Hermann hatte die Koffer seines Herrn mit größerem Vergnügen wieder ausgepackt, als er sie an jenem melancholischen Tage vollgepackt hatte. Oldenburg dachte nicht mehr daran zu reisen, seitdem Melitta ihn zu bleiben genötigt hatte, und das Haus von Berkow jetzt alles umschloß, woran sein Herz hing. Jeden Tag gegen Dunkelwerden klingelte sein Schlitten auf dem Hof von Berkow, und die junge Frau begrüßte oft noch auf der Hausschwelle ihren täglichen Gast. Seit dem Abend, der ihm sein Kind wiedergeschenkt hatte, war Oldenburg ruhiger und heiterer, als er es je gewesen. Er schien sich Melittas Wort, daß sie am besten geduldig trugen, was sie doch einmal tragen müßten, zu Herzen genommen zu haben. Er wußte recht gut, was die Geliebte damit habe sagen wollen; recht gut, warum sie ihm noch immer nicht mit ihren lieben, schönen Augen klar in die Augen sehen konnte. Er beklagte es, daß es so war, aber er, der den Adel von Melittas Seele besser kannte als irgend jemand, hätte sich am meisten gewundert, wenn es anders gewesen wäre. Melitta liebte den Mann nicht mehr, der ihr Herz in einer unbewachten Stunde im Sturm der Leidenschaft eroberte, aber die Wunde, die dieser Liebe Lust und Leid ihrem Herzen geschlagen, blutete noch und auch hier mußte die Zeit bewirken, was dem Raisonnement nicht möglich war.

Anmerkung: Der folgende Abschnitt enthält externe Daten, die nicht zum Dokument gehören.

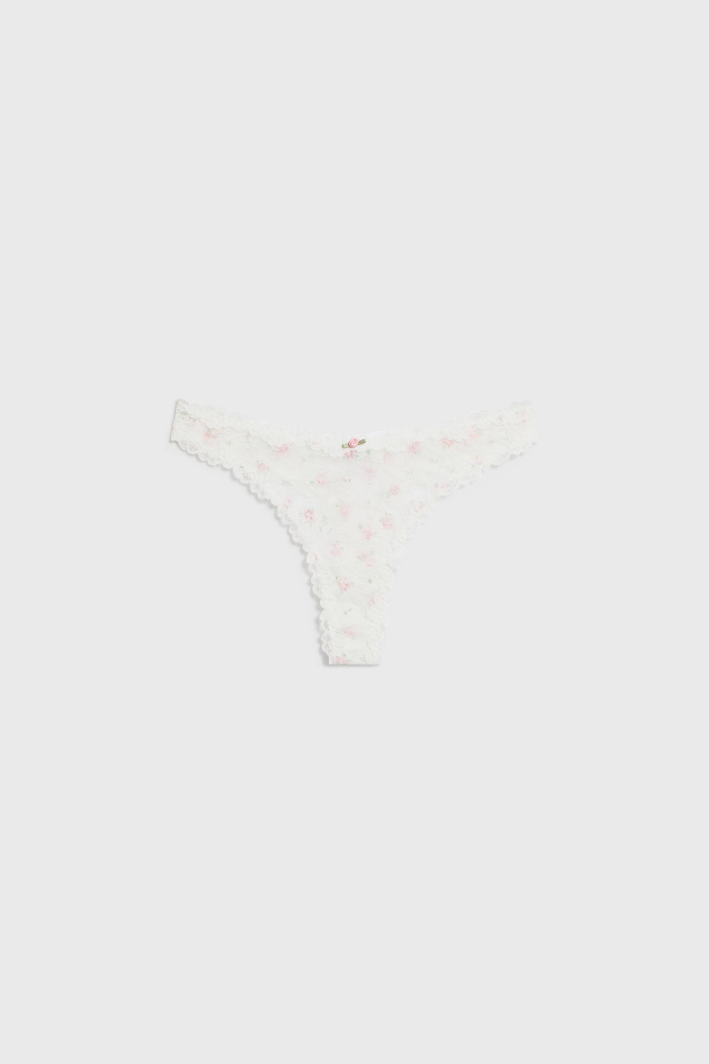 Thong briefs in lace with a small rose and bow at front. The garment has soft hygiene gusset.

Die eigentümliche Situation, in der Oldenburg sich Melitta gegenüber befand, war nicht ohne Einfluß auf seine ganze augenblickliche Denk- und Empfindungsweise. Die Geduld, die Klugheit, die Vorsicht, deren er bedurfte, um das Fahrzeug seines Glücks endlich in den Hafen zu steuern, ließen ihn auch die Weltverbesserungspläne, mit denen er sich früher trug, als unausführbar beiseite legen. Dafür widmete er sich mit allem Eifer der Verwaltung seiner Güter und verfolgte die Politik des Tages mit nimmer müdem Interesse. Er bedauerte, daß er, als im Sommer der Landtag zusammentraf, die Zeit, die er dem Vaterlande schuldete, an den Ufern des Nil verträumt hatte. Neue Quellen des Volkswohls zu öffnen schien ihm jetzt wichtiger, als die des Nil zu entdecken. Er spürte in seiner stillen Solitüde den Sturm der Revolution, der aus Frankreich heraufdrohte und der mit seinem ersten Stoß das Gewitter, das dumpf über dem eigenen Vaterlande brütete, entfesseln konnte.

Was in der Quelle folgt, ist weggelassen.